### Task description
Any images in the material are to be dropped while every line is retyped exactly.

### Data provided
________________

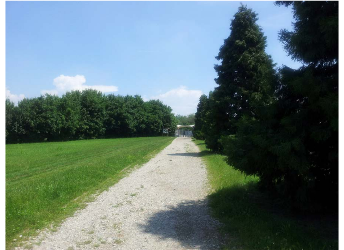
18. Porzione su terrapieno del percorso di connessione tra Parco Cava Nord e Via San Michele del Carso
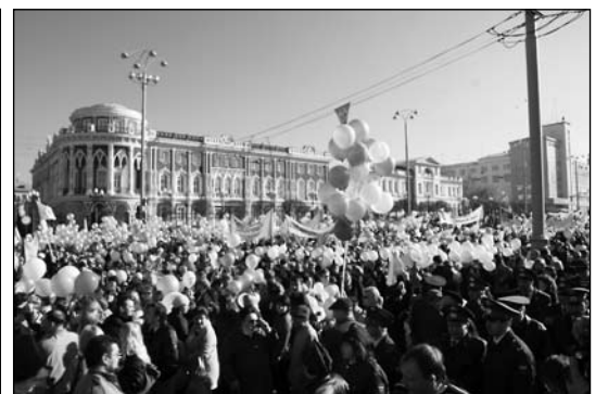
Центральная улица Екатеринбурга заполнена демонстрантами
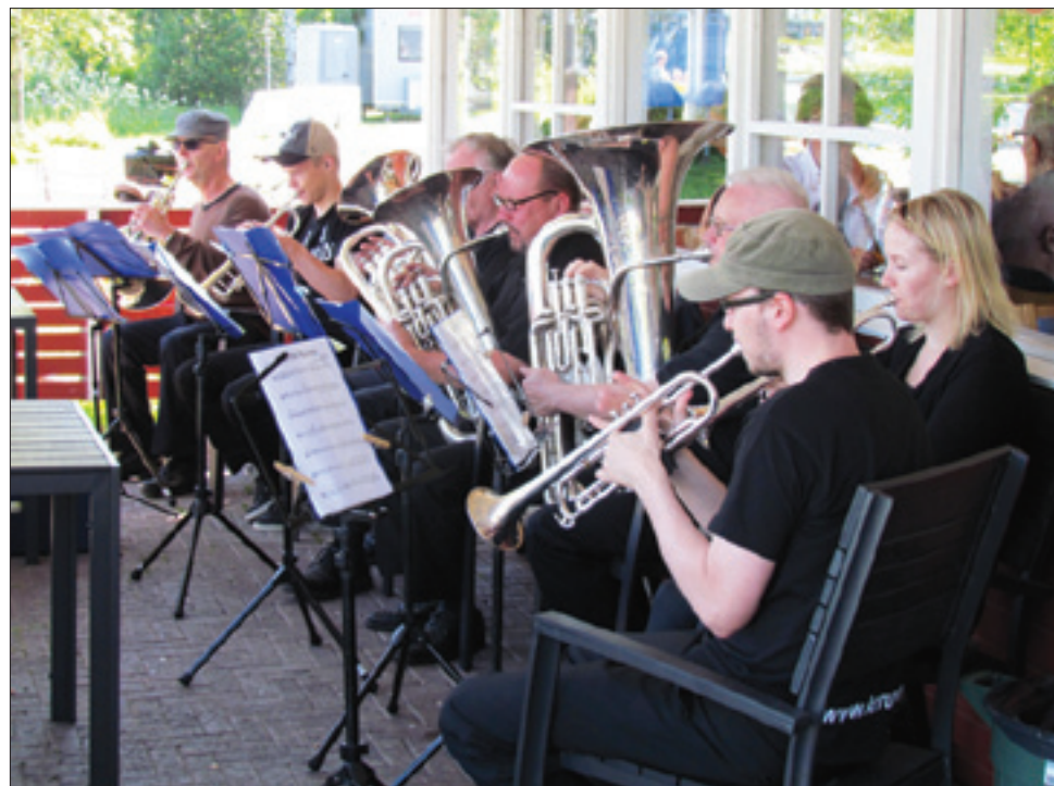
Muistojen häälvalssi viritti tunnelmaan lauantaisena kesäiltapäivänä. Torvisoittajia, vaan ei totisia, kerääntyi Kielosaaren kahvion terassille. Repertuaari sisälsi monta tuttua kappaletta Mantsurian kukkuloilta La palomaan. Saaren soittajat Rovaniemeltä piipahtivat kierroksellaan myös Pyhäjoella. Kahviossa ja pihalla oli kuuntelijoita, joskin enemmän olisi vielä mahtunut. Ja ehdottomasti olisi kannattanut tulla kuuntelemaan. Ihanaa, kun on tällaisia tapahtumia!

Lähiaruokamarkkinoista lisää elokuun alun Kuulumiset-lehdessä.

________________

### Task answer
18. Porzione su terrapieno del percorso di connessione tra Parco Cava Nord e Via San Michele del Carso
Центральная улица Екатеринбурга заполнена демонстрантами
Muistojen häälvalssi viritti tunnelmaan lauantaisena kesäiltapäivänä. Torvisoittajia, vaan ei totisia, kerääntyi Kielosaaren kahvion terassille. Repertuaari sisälsi monta tuttua kappaletta Mantsurian kukkuloilta La palomaan. Saaren soittajat Rovaniemeltä piipahtivat kierroksellaan myös Pyhäjoella. Kahviossa ja pihalla oli kuuntelijoita, joskin enemmän olisi vielä mahtunut. Ja ehdottomasti olisi kannattanut tulla kuuntelemaan. Ihanaa, kun on tällaisia tapahtumia!

Lähiaruokamarkkinoista lisää elokuun alun Kuulumiset-lehdessä.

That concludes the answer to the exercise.